Forcasts with the models:

arima_f<-forecast(arima_model,h=12)
ets_f<-forecast(ets_model,h=12)

Extracting the 12-step-ahead forecast errors from the models:

arima_f_e<-test.data-arima_f$mean
    ets_f_e<-test.data-ets_f$mean

Calculation of MSE for the forecasts:

mean((ets_f_e<-test.data-ets_f$mean)^2)
72275.59 => MSE of ets-forecast

mean((arima_f_e<-test.data-arima_f$mean)^2) 
83421.72 => MSE of arima-forecast


Application of dm.test from forecast-package to compare predictive accuracy:

dm.test(arima_f_e,ets_f_e)
=>p-value = 0.6145 
although  the MSE of ets is smaller, hypothes of equal performance cannot be rejected for the 12-step forecasts

You can also compare the errors within the training period:

dm.test(arima_model$res,ets_model$res) 
p-value = 3.548e-05 
=> the hypothesis of equal performance of one-step forecasts is rejected!

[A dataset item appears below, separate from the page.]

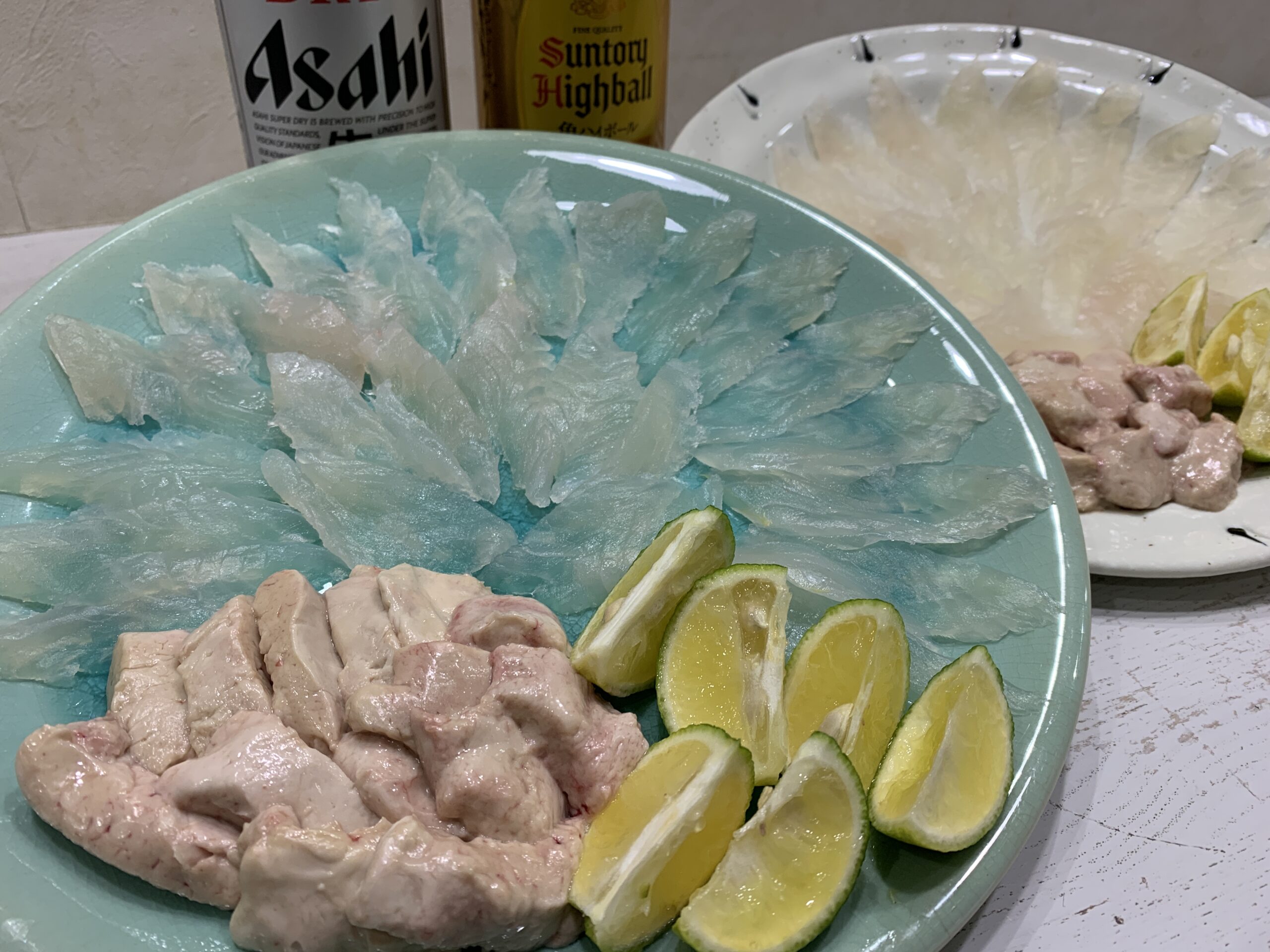 我が家もさっそく釣れたての丸ハギを持ち帰り、丸ハギ3匹分で薄造り2皿にたっぷりと生肝を添え、アラを軽く炙りしっかりと出汁をとってお汁を作り家族皆んなで美味しく頂きました🍺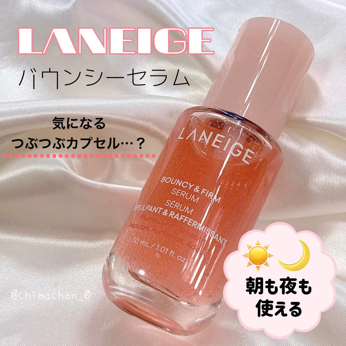 - LIPSベストコスメ受賞の「バウンシースリーピングマスク」から美容液「バウンシーセラム」が登場! ラネージュ独自のビタミンオイルカプセル*¹が1瓶に24,000個配合。 バウンシーシリーズ共通のピオニー&コラーゲンコンプレックス™*²や4種のペプチド*³配合で、 すみわたるような輝き*⁴とキメの整ったなめらかなハリツヤ肌へと導くアーリーエイジングケア*⁵美容液。 *¹ テトラヘキシルデカン酸アスコルビル(整肌成分)、トコフェロール(整肌成分)、トリオレイン(保湿成分) ※30mL(現品)に24,000個のカプセルを配合 *² シャクヤク花エキス、シャクヤク根エキス、水溶性コラーゲン(整肌うるおい保持成分) *³ アセチルヘプタペプチド-4、アセチルヘキサペプチド-8、アセチルオクタペプチド-3、アセチルテトラペプチド-2 (いずれも保湿成分) *⁴ うるおいによる *⁵ 年齢による肌のお手入れのこと

If you modify the alternative hypothesis, that ets outperforms arima, you get strong     signal that it does:

dm.test(arima_model$res,ets_model$res,alternative="greater")
p-value = 1.774e-05
alternative hypothesis: greater

I wonder obout this result, because the aic criteria for the arima models were much lower than for ets.

I hope it helps you a little bit.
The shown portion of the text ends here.